No demographic or clinical factors were associated with RP in patients with CF (Table 2). No patients in either group experienced distal intestinal obstruction syndrome. Because only 2 patients with RP and CF were older than 6 years, we were unable to obtain valid forced expiratory volume in 1 second measurements on the other patients and did not study this further.

TABLE 2

TABLE 2

Back to Top | Article Outline

DISCUSSION

Our 10-year review of patients with RP revealed that 3.6% of patients had CF, and conversely, 3.5% of our center's patients with CF had RP. This is less than the frequency observed several decades ago, and may be owing to earlier diagnosis of CF through NBS, and hence earlier optimal management of CF. NBS for CF has been associated with improved nutritional outcomes (10–12), and this may also contribute to the lower incidence of RP. In our study, since the onset of NBS, patients with CF—both with and without RP—have had fewer complications associated with malabsorption, constipation, and diarrhea.

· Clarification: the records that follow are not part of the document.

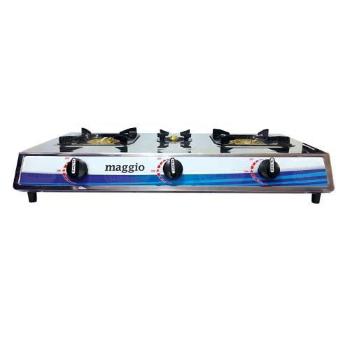 Plantilla a gas, con 3 quemadores de encendido por chispa y cuerpo de acero inoxidable.
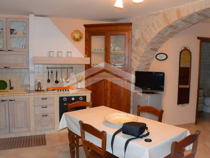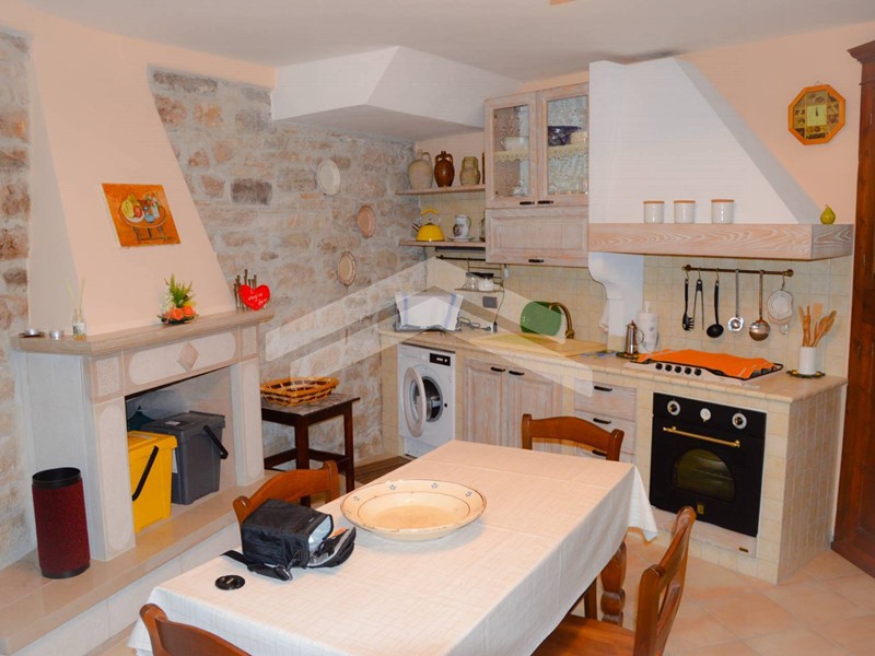 - Cucina: in muratura con sportelli in legno massello, realizzata su misura.
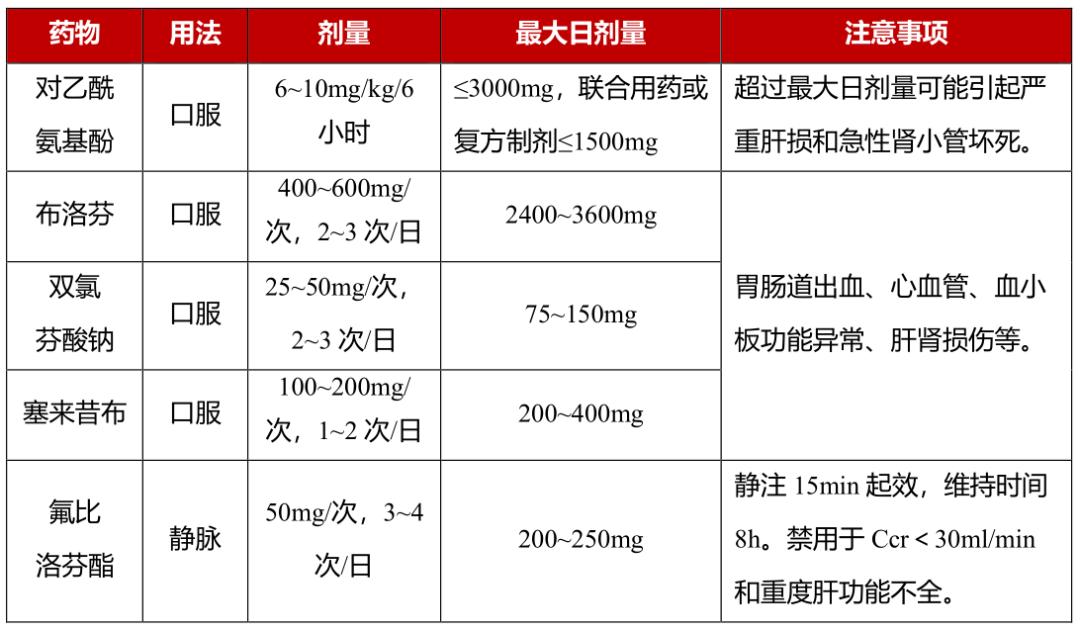 分化型甲状腺癌术后会出现咳嗽疼痛、吞咽疼痛及切口疼痛,一般可以忍受。若疼痛剧烈,影响日常生活,可酌情使用非甾体抗炎药(NSAIDs),如:对乙酰氨基酚、布洛芬、双氯芬酸、塞来昔布、氟比洛芬酯等单药使用,或对乙酰氨基酚联合非选择性NSAIDs或选择性COX-2抑制剂,两种联合按常规剂量½使用,可发挥协同作用,降低痛感,有利于患者早期经口进食(具体使用方法及注意事项见表1)。

In our study, the most common association with RP was constipation. Straining with constipation forces the anterior wall of the upper rectum into the anal canal, and with time, the rectal attachments to the sacrum become loose so that a circumferential prolapse occurs (13).

Two of the 7 patients with CF were diagnosed as having CF after sweat chloride testing was ordered because of their RP; however, their medical history, pertinent for multiple upper respiratory tract and sinus infections, suggested CF. Five patients were diagnosed by NBS; of these, 4 were pancreatic insufficient, and despite early intervention with enzymes, still developed RP. These cases support the importance of factors other than pancreatic insufficiency as a cause of RP, such as increased intra-abdominal pressure secondary to coughing or constipation. Our review has shown that in patients without CF, RP is most likely secondary to constipation, and in patients with CF, this may explain why pancreatic enzyme supplementation alone does not necessarily help resolve all cases of RP. Malnutrition and failure to thrive, the hallmarks of CF, may be noted in these patients with RP owing to CF.

Limitations of this study include those inherent with retrospective reviews. Despite online charting, data may be incomplete, as with missing anthropometrics, especially with older charts or in certain visits (emergency room, laboratory). It is assumed that anthropometrics were obtained in the standard manner. Clinic notes were not standardized in terms of history components. Patient follow-up regarding RP recurrences as well as sweat chloride testing at different centers was difficult to obtain. In addition, although we were able to obtain a history of repeated upper respiratory infections in children who were ultimately diagnosed as having CF, this type of history could not be ruled out in the vast majority of our patients. The major limitation of our study was that all of the patients with RP did not have sweat testing done; however, sweat testing is available in only 5 accredited CF centers in Wisconsin. Moreover, it is unlikely that a large number of children with CF were missed by our study because NBS in Wisconsin has had a clinical sensitivity of 94% to 95% since 1994 (14). Our attempts at uncovering clinical factors that we found were not associated with RP in CF have the limitations of a retrospective review. We were unable to use standardized definitions for constipation and diarrhea, and we were also unable to confirm the adequacy of PERT by fecal fat testing.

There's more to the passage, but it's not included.